In Django I have a table that contains records that need to be processed by celery workers.
The way this works is that the worker will grab the next X number of rows from the table in a batch to process, and then mark them processed. When using one worker this has been fine, but the amount of rows as increased and I would like to add more workers.
My concern is that the other workers will grab the same rows and try to process them.
That being said I have implemented the following logic.
from django.db import models
class Row(models.Model):
# Define your row fields here
processed = models.BooleanField(default=False)

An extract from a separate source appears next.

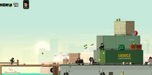 采用了横版射击类的玩法,也同样的采用了像素风格的画面射击,整个游戏玩起来还是十分简单粗暴的。这款游戏在steam平台已经推出好长一段时间了,不过一直都是处于抢先体验的阶段,并未推出正式版。此前《监狱跑轰》在苹果商店中上架的时候,就有不少人将其称为《热枪》的续作。所以不难猜到,两款游戏在不少地方是十分相似的。
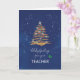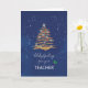 Surprise a beloved teacher with this beautiful card come the Christmas season. The card front can be seen having a gold-coloured Christmas tree surrounded by sparkling stars that all stand out from the navy blue coloured background. Perfect card for the holidays.

worker = models.ForeignKey('Worker', on_delete=models.SET_NULL, null=True)
class Worker(models.Model):
# Define your worker fields here
name = models.CharField(max_length=100)
def distribute_rows_to_workers():
workers = Worker.objects.all()
batch_size = 10
for worker in workers:
with transaction.atomic():
rows = Row.objects.select_for_update().filter(processed=False)[:batch_size]
if rows:
rows.update(worker=worker)
def process_rows_for_worker(worker):
rows = Row.objects.filter(worker=worker, processed=False)
for row in rows:
# Process the row here
row.processed = True
row.save()
What I want to konw is, will that transaction
block prevent the other workers from selecting those rows until the select and subsequent update is finished? Esentially locking those rows so that other workers wont perform the select request until the upodate is finished.